Wednesday 19 August 2015

Lords of blasphemy?

Letter from David Drummond, 3rd Lord Maderty to 
James Rattray of Craighall, Innerpeffray, 6 August 1677.
My job currently involves my investigating the peers of Scotland as listed following the Act of Union with England in 1707. One of the more anomalous titles listed is Lord Maderty, which was extant in 1707, and indeed still is; but since 1692 the lords Maderty have held higher titles in the Scots peerage, firstly that of Viscount Strathallan, and from 1902 earl of Perth. Lord Maderty is one of a surprising number of peers who appear twice or even three times on the 'Union Roll', perhaps to insure against counterclaims to peerage dignities where successions might be disputed. The potential arose where one individual had succeeded to multiple titles through different routes, often involving (and forgive me if I've not explained things quite to the standard of someone versed in Scots law, as I'm not) the Scottish practice of novodamus where an estate and dignity might be regranted by the crown to the current holder, but establishing a new line of descent different from that instituted when the dignity was first created.

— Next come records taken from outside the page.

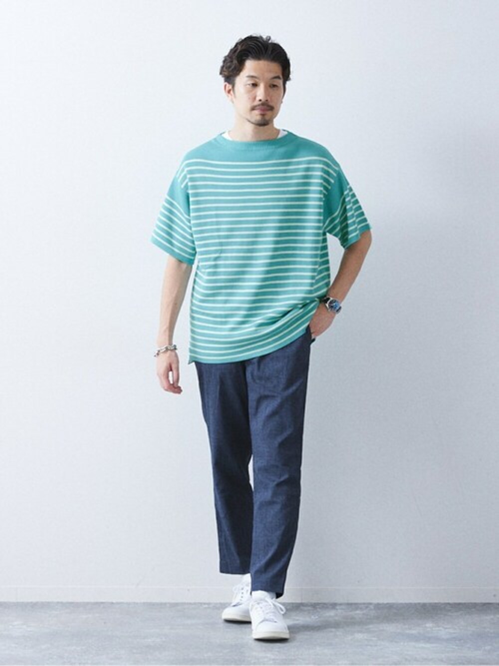 417 official(417 EC)のTシャツ/カットソー「リネンライクMVS ボーダーニット Tシャツ」を使ったコーディネート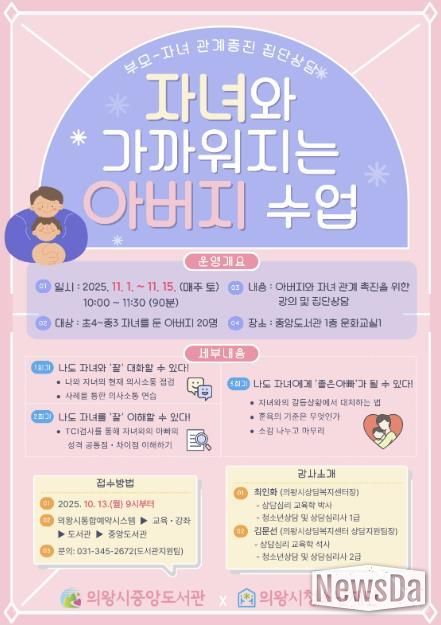 뉴스다 최광묵 기자 | 의왕시 중앙도서관은 사춘기 자녀와의 관계에서 어려움을 겪고 있는 아버지를 위한 부모 집단상담 프로그램 ‘자녀와 가까워지는 아버지 수업’을 운영한다.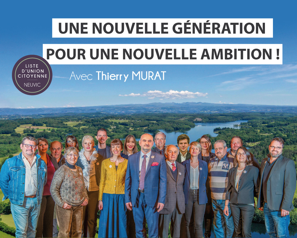 En juillet dernier, cette équipe aux compétences, aux expériences et aux expertises nouvelles a annoncé sa candidature par une lettre publique adressée à chacun des habitants. Une nouvelle dynamique et une volonté révélatrice de l’arrivée d’une nouvelle génération : elle vient donner un nouveau souffle à NEUVIC, en Corrèze. UNE NOUVELLE GÉNÉRATION POUR UNE NOUVELLE AMBITION !

The Maderty lordship of parliament was one of a series of lordships granted to men who had been granted or inherited the lands of Scots abbeys, exercising the feudal rights of the abbot with the office of commendator. James Drummond (d. 1623), had been appointed commendator of the abbey of Inchaffray, Perthshire, in 1565 when still a child; after a career in the service of James VI, in 1609 he obtained the conversion of the ecclesiastical lands into a lay feudal free barony (though this part of the grant does not seem to have passed the great seal) and lordship of parliament with the title of Lord Maderty. The title was taken from Madderty, near Inchaffray. 

It was this choice of title which was thought blasphemous, at least by John Lauder of Fountainhall who questioned it on etymological grounds. He wrote:

'My Lord Madertie's stile is truly Mater Dei from some cloyster so named in the tyme of poperie; he should be induced to take some other denomination, this seeming to blasphemous like,' (quoted Complete Peerage, viii.347)

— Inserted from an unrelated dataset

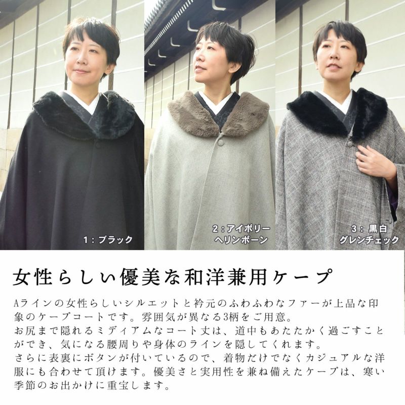 Aラインの女性らしいシルエットと衿元のふわふわなファーが上品な印象のケープコートです。雰囲気が異なる3柄をご用意。

Whatever the merits of this explanation of the name, invoking the mother of God in their title did the third Lord Maderty, David Drummond, little good, as his support for the Stewart cause saw him imprisoned in Edinburgh in 1658. After the Restoration he suffered from ill health, and it was his brother William who took over the headship of the family, leapfrogging his brother in the peerage in 1686 when he was created viscount of Strathallan, inheriting the older but junior title of Lord Maderty on David's death in 1692.